The funded pension contribution rate has stayed at 2 percent since the so-called second pillar instrument was first introduced. The Ministry of Finance has now sent out for coordination a bill to allow people to save more in the future.
The bill would amend the Funded Pensions Act by allowing people who have joined the second pillar to hike their contribution rate from the current 2 percent to 4 percent or 6 percent.
"Hiking the rate could prove necessary if the person has decided to stop contributing for a period of time. Making up the lost time once saving resumes requires a higher contribution," the bill's explanatory memo reads.
The recent base rate of 2 percent will remain in effect, with people free to decide whether to hike their contribution. To do so, a request needs to be filed with the pensions register (AS Pensionikeskus) or account manager. The new rate will remain in effect without a term but can be changed once a year, with changes taking effect on January 1.
The ministry finds the changes will help grow Estonians' pension savings that fall well short of the OECD average. Pension assets made up of 90 percent of the GDP of OECD countries in 2019, while the figure was just 18 percent for Estonia.
Estonia also has one of the lowest pensions to salary ratios. At the same time, surveys suggest Estonians want their pension to be 60-80 percent of salary.
"The more additional saving options people seize, the smaller the difference between the pension they want and the pension they will eventually receive," the memo reads.
The ministry gives simplicity as the reason for fixed rates – a completely unregulated contribution rate would make it very difficult for employers to make payments and the Tax and Customs Board to exercise supervision.
The bill only concerns the currently 2 percent contribution from salary and does nothing to change the 4 percent social tax share in funded pension.

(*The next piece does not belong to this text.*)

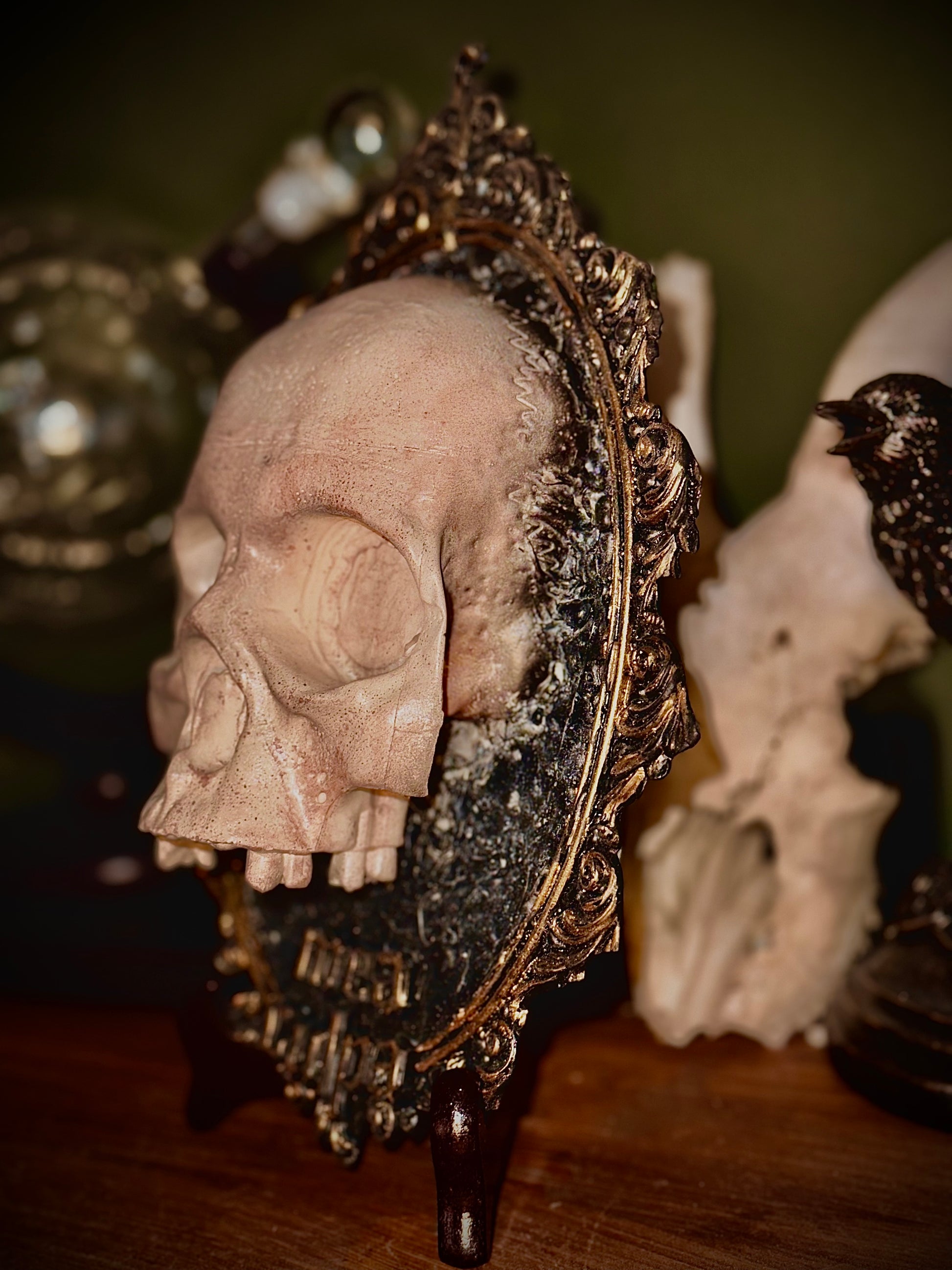 MEA CULPA - Cornice barocca con teschio in resina

This means that the changes will not affect the first pension pillar.
The first and second pillars should ensure a pension of 40 percent of salary in Estonia. The rest should be saved in the third pillar, while few people still seize the possibility.
The average old age pension made up of the first and second pillars was €528 a month in late 2020.
Ministries have until mid-June to send in proposals or approve the bill. The law would enter into force on January 1, 2024.
Estonia made the second pillar voluntary in 2021, meaning that people can leave the scheme and withdrawn existing assets, with the possibility of returning in ten years' time. Previously, joining the second pillar fund had been mandatory for all people born in 1983 or later.